One problem that may be encountered out on the desert is a variant of cabin fever. Cabin fever may be a variant of boredom. It can be encountered in space, too.
Many years ago, there was this program about such phenomenon. Nobody could understand why a boat was abandoned in the middle of the ocean. It was speculated that the people on that boat went nuts, because of the uniformity of the surroundings imposed a type of sensory deprivation on them, driving them mad. They may have jumped overboard and drowned themselves.
Human beings require stimulation. In the absence of it, the mind may invent things that may be very much like psychotic delusions. In other words, madness.

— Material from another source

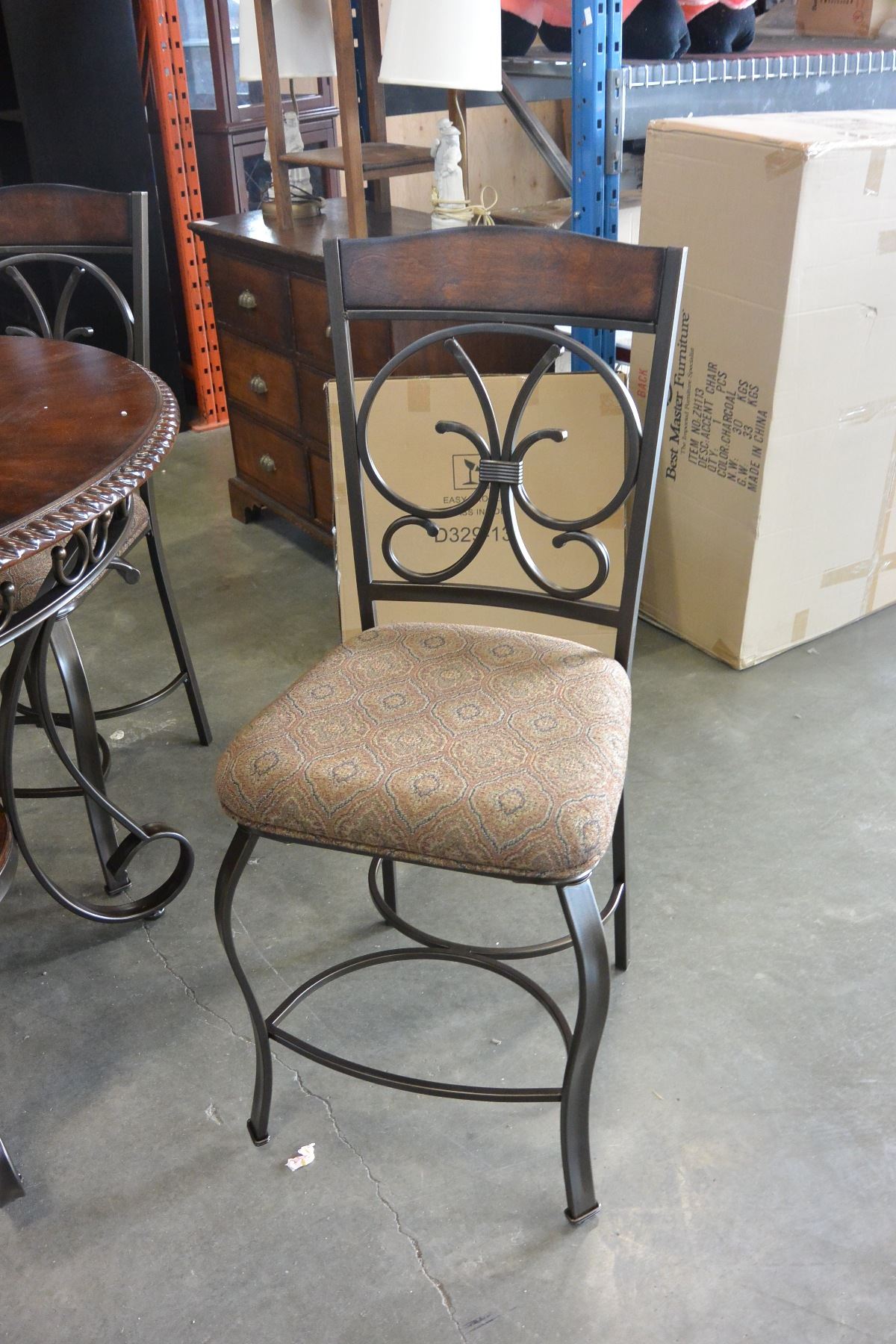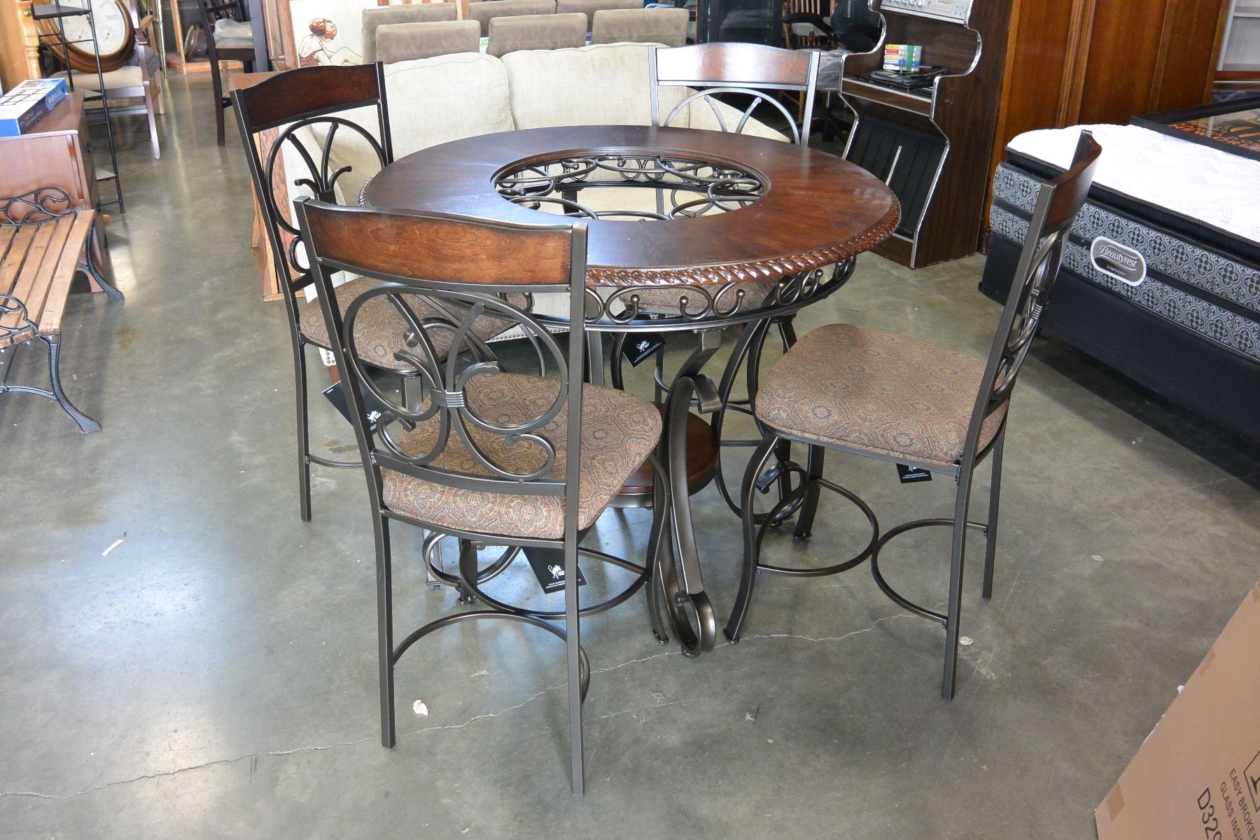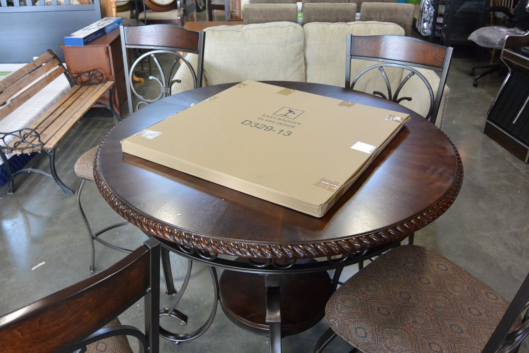 NEW ASHLEY SIGNATURE DESIGN ROUND MAHOGANY COUNTER HEIGHT DINING TABLE WITH 4 UPHOLSTERED BAR STOOLS, RETAIL $1160

There are such things as sensory deprivation tanks, which are designed to test this phenomenon. It has been confirmed that the experience is not a pleasant one. If someone spends too much time in one of those things, they could go nuts.
Literature on the subject includes some stories about how Artic explorers were able to deal with the isolation. One way is to stay busy. Staying busy keeps one's mind occupied, and is a way to ward off the cabin fever.
I write this after taking a completely unnecessary, and uneconomical trip of a couple hundred miles yesterday afternoon. It seems that my work off grid has slowed almost to a complete stop. It is ironic then, that my trip was a hundred miles in that direction and back.
A question for me is can I control my own tendencies to do counter productive things? Perhaps it wasn't useless trip, as I learned a little from it. On the other hand, was it really worth it? This costs money, and I don't have money to spare.